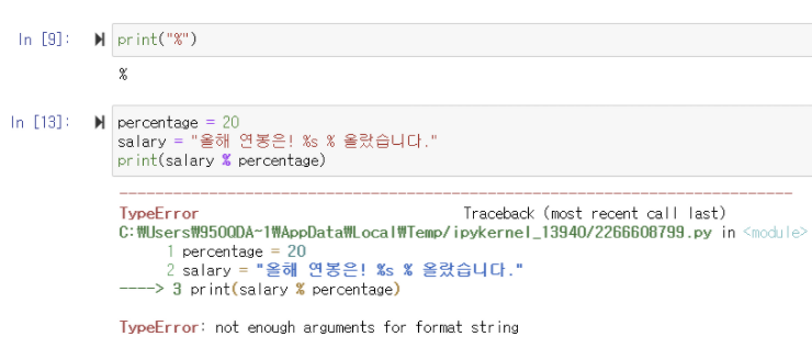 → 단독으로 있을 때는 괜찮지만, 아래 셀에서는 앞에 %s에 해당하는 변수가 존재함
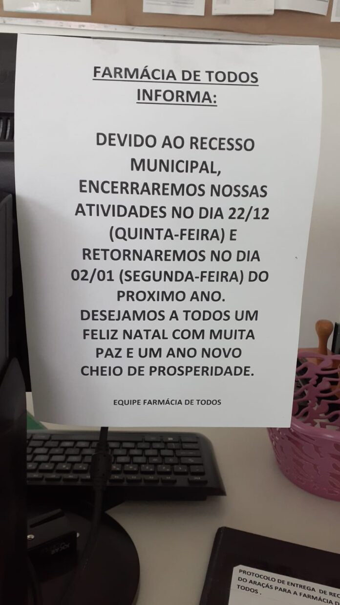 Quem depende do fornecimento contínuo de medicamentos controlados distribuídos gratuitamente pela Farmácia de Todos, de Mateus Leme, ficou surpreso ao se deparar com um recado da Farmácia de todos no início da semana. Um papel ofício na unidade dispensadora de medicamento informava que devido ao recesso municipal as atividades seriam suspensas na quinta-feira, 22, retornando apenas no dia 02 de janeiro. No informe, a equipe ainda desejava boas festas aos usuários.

○ ○ ○

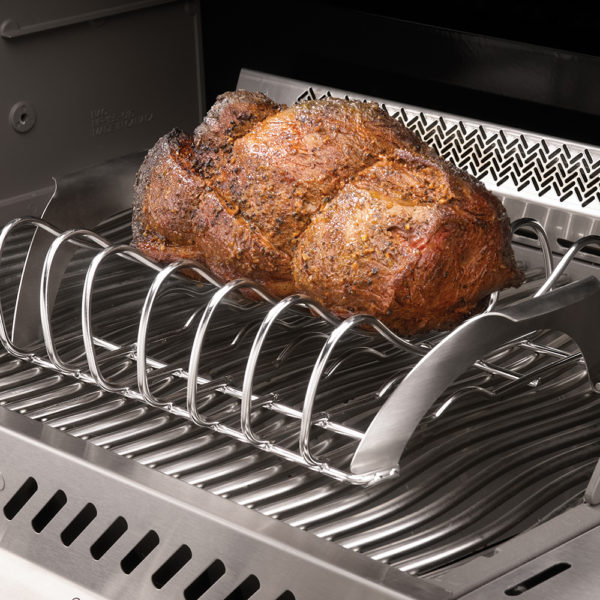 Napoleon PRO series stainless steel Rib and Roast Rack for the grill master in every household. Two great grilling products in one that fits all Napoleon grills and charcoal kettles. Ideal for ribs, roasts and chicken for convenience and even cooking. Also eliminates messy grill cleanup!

○ ○ ○

Look above for the line with "해당하는 변수가 존재함" and the line with "Quem depende do". Copy them and every line between, exactly, but no pictures.

## Output of the task
 → 단독으로 있을 때는 괜찮지만, 아래 셀에서는 앞에 %s에 해당하는 변수가 존재함
 Quem depende do fornecimento contínuo de medicamentos controlados distribuídos gratuitamente pela Farmácia de Todos, de Mateus Leme, ficou surpreso ao se deparar com um recado da Farmácia de todos no início da semana. Um papel ofício na unidade dispensadora de medicamento informava que devido ao recesso municipal as atividades seriam suspensas na quinta-feira, 22, retornando apenas no dia 02 de janeiro. No informe, a equipe ainda desejava boas festas aos usuários.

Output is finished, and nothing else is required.